The steam from the morning coffee still rose from the mug Jameson was clutching when Anton pushed open the office door. Upon seeing him enter, he gripped his mug like a life preserver in the middle of a shipwreck.

A stack of crumpled papers trembled in his other hand—not from age, but from the barely contained fury that made his knuckles go white against the printed pages.

"A porn musical, Anton?" Jameson's voice came out like a strangled roar, the kind of sound an engine makes right before it explodes. "Is that the legacy you're leaving this family?"

Anton walked in adjusting his sunglasses like he had just stepped off a red carpet.

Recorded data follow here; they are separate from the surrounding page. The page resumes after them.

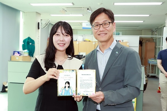 '사천시 제1회 베스트 공무원'으로 선정된 김나린 주무관(왼쪽)이 김성규 부시장으로부터 상장을 전달받은 뒤 기념촬영을 하고 있다. (사진=사천시 제공)
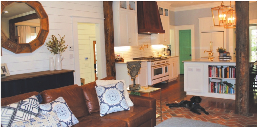 Rand Knicely was the contractor on the home remodel and also drew plans for the addition that went on the rear of the home. In the living room, sheetrock was removed from the walls to expose 100-year-old shiplap beneath. Jessica says she was tempted to leave the shiplap in its natural state, but ultimately chose to paint it white.
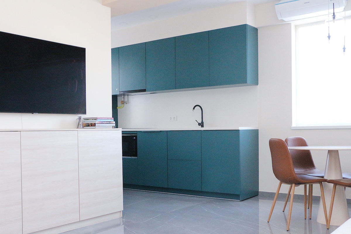 Apartament modern cu o cameră, complet utilat, situat în centrul Chișinăului, lângă un parc liniștit. Ideal pentru relaxare sau lucru la distanță. Wi-Fi rapid, bucătărie echipată, aer condiționat și acces facil la transport, restaurante și magazine. Perfect pentru cupluri sau călătorii solo.

"Wow. That's what the rumors say?" he asked, inspecting his nails with fake nonchalance. "That would explain a lot about yesterday..."

Jameson jumped up, pointing the wrinkled papers at his grandson.

"Forty years building a real empire, and my grandson ends up making movies where people get naked singing!"

Anton looked up at the ceiling, as if pondering a complex equation.

"Okay... but what if they sing while undressing, instead of the other way around? More artistic that way," he suggested.

Jameson's face turned from red to purple.

"Don't make me picture that, you bastard!"

Anton sat down with casual grace.

"It's not what you think. No porn. No orgies with a soundtrack. It's a real movie. With plot. With heart."

"With triple X ratings and a musical number, from what I've heard!" Jameson shook the papers like a war flag.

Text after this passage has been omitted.